The first three words with highest TF-IDF values in each topic are stress, growth, data, model, moisture, potential, results, water, different, soil, yield, using, study, two, and plant.

3.2. Sentiment Results

The sentiment analysis results of INC and INSM obtained by SnowNLP are shown in Figure 3 and Figure 4. The sentiment scores are between the limits of 0 and 1, 0 being negative and 1 positive in sentiments.

Figure 3. Sentiments of abstracts in INC by SnowNLP.

Figure 4. Sentiments of texts in INSM by SnowNLP.

The green dotted line in the figure shows the average sentiment (0.00010516297819778477) of the abstracts in INC.

The red dotted line shows the average sentiment (0.27732966047183893) of texts in INSM.

The sentiment scores obtained from TextBlob are shown in Figure 5 and Figure 6, of which the blue lines indicate the polarity and yellow lines indicate the subjectivity of the texts.

Figure 5. Sentiments of abstracts in INC by TextBlob.
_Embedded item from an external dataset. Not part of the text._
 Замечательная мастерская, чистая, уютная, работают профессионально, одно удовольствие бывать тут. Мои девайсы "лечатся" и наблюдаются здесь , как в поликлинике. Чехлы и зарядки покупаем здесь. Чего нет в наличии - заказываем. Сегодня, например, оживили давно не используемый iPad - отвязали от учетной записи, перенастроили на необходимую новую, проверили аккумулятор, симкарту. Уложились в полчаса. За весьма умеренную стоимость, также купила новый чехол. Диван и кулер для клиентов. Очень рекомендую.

Figure 6. Sentiments of texts in INSM by TextBlob.

The green dotted lines show the average subjectivity (INC average subjectivity 0.456681, INSM average subjectivity 0.245443) and the red dotted lines the average polarity (INC average polarity 0.090902, INSM average polarity 0.042876). The subjectivity suggests the proportion of facts and opinions and the polarity shows sentiments of texts. The values of subjectivity are between 0 and 1, 0 indicating more facts and 1 more personal opinions. The limits of polarity are between −1 and 1, the higher value signifying positive and the lower value negative in sentiments.

The sentiments of the texts in reference corpora CHC and CHSM by SnowNLP and TextBlob are shown in Figures 7-10.
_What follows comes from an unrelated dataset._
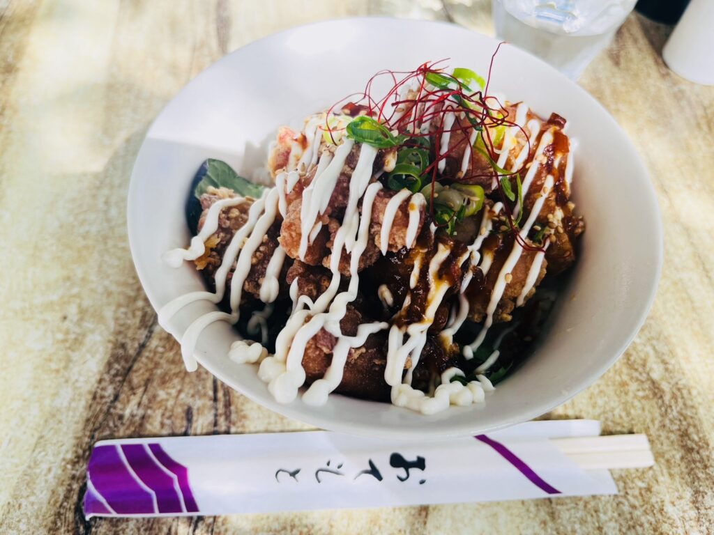 衣はからっと軽く、お肉はやわらかジューシーな200てん満点のからあげに、ピリ辛のマヨソースが絶妙にマッチ。ソースは辛くないのも選べるので、お子様も安心です☺️

Figure 7. Sentiments of abstracts in CHC by SnowNLP.

Figure 8. Sentiments of texts in CHSM by SnowNLP.

The average sentiments of CHC and CHSM by SnowNLP are 0.00005938709819871512 and 0.2656879456177752 respectively.

Figure 9. Sentiments of abstracts in CHC by TextBlob.
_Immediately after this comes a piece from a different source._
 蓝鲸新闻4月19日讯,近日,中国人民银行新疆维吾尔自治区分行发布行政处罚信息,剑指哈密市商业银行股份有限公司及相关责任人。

Figure 10. Sentiments of texts in CHSM by TextBlob.

The average polarity values of CHC and CHSM by TextBlob are 0.089434 and 0.032679 respectively and the average subjectivity values of CHC and CHSM are 0.490393 and 0.250492 respectively.

4. Discussions

4.1. High-Frequency Words and Keywords in INC

The high frequency words generated by Jieba_C and AntConc are the same, with frequency differences in words yield, study, and plant greater than 1, and grain less than 1 by AntConc. We search the words with Notepad manually to find that the respective counts of these words are 767, 353, 258, and 253, of which both methods give wrong counts for study and plant, and that Jieba_C and AntConc give the right frequency of words yield and grain respectively. The high-frequency words generated by FDist are nearly the same as those given by Jieba_C and AntConc except for the word compacted in the place of plant by the Jieba_C and AntConc. These data show that the high-frequency words by Jieba_C and AntConc are reliable; however, their frequencies may need further verification, and the words generated by FDist needs further confirmation.

The keywords generated by WordCloud and TF-IDF-LDA are overlapping with those high-frequency words given by Jieba_C and AntConc, which shows that the keywords have a definite relation with the high-frequency words. WordCloud generates 6 keywords yield, soil, plant, cover, crop, and increased, same as those in high-frequency words, and yields these 9 different words and phrases rate, treatment, using, cultivar, model, increased, this study, year, and filed from those of high-frequency words.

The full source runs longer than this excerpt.